Brian...
I have two pieces of advice for you...
1. Make the Stirred Curd Cheddar
2. Definately follow Carter's recommendations on pressing.
Tonight I opened a 2 months old Stirred Curd Cheddar (mainly because I noticed a mold spot under the wax) and I have to say that this is the best tasting/textured cheese I've made to date!
The texture actually LOOKS like cheddar and the best part is that it slices without crumbling! I can take a very....VERY thin slice off of the wheel and it still holds together. I'm pretty pumped about this. :-)
The taste of this cheese is not only correct, it is really very good for how young it is. I kept a small piece out for the family to snack on and the rest is going back for further aging.
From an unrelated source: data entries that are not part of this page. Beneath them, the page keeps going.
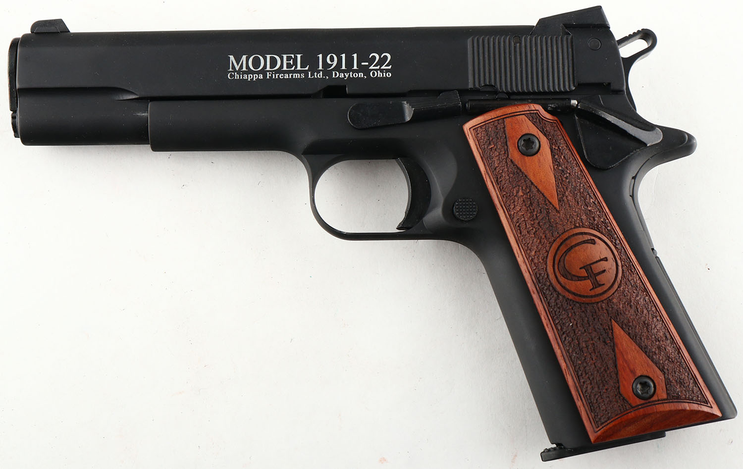 CASED, Chiappa Firearms Ltd., 1911/22, CAL: 22LR, MFG: Modern, SN: 13F81444, Semi Auto Pistol, 5'' barrel. Standard factory markings on the slide & frame from both manufacturer & importer. The CF monogram textured wood grips are excellent. The matte black finish rates 99% overall. Bore is excellent. Square notch rear sight & blade front sight. Comes in factory hard case, with extra mag, cleaning brush & related paperwork. FFL Req. - Value: 150 to 300
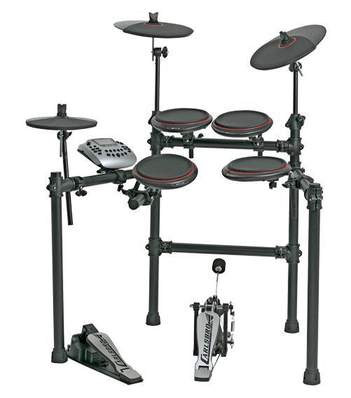 A small-footprint electronic drum set with 5 pads and 2 pedals is called the Carlsbro Club100. containing one snare pad, two tom pads, one cymbal pad, one bass pedal, and one HiHat cymbal pad with a foot controller pedal. For drummers wishing to conserve room in the studio or use as a practise tool that is incredibly portable and small, this reduced kit is ideal for younger drummers and novices.A small-footprint electronic drum set with 5 pads and 2 pedals is called the Carlsbro Club100. containing one snare pad, two tom pads, one cymbal pad, one bass pedal, and one HiHat cymbal pad with a foot controller pedal. For drummers wishing to conserve room in the studio or use as a practise tool that is incredibly portable and small, this reduced kit is ideal for younger drummers and novices.
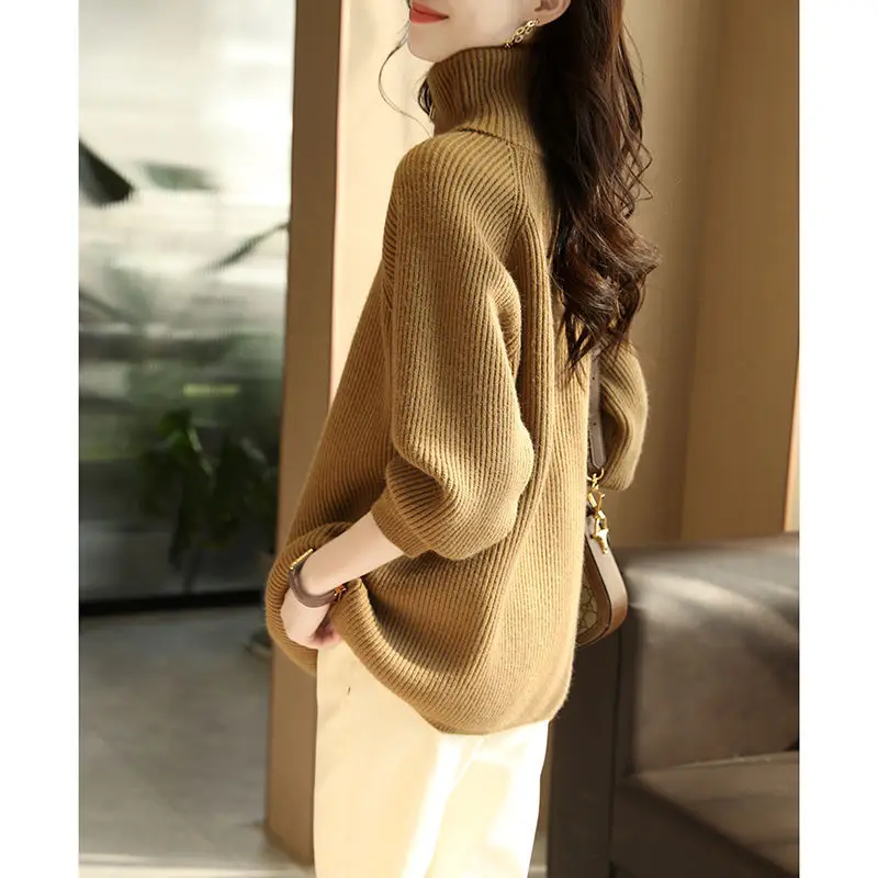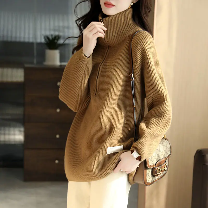 Купить Solid Color Woolen Knitted Sweater Half Open Zipper Pullover Turtleneck Women's Mid-length Sweater Pullover 2022 Spring Autumn за 1450рублей

I contribute all of this to Carter and Wayne's research and experimentation on pressing weights (and of course my own fantastic cheesemaking abilities
).
Honestly, all of my other cheeses have had an open texture since I moved from a 4 inch mold to a 6" mold. I could never figure out the problem.
Once I moved to an 8" mold I knew I had to seek help with this problem. That just so happened to be the same time that I registered on this forum and right away the help and answers came.
Now I'm looking forward to cracking open some of my other 8" wheels (which number about 8 right now) to see how they are doing.
Many thanks to Carter and Wayne and good luck on your next cheese.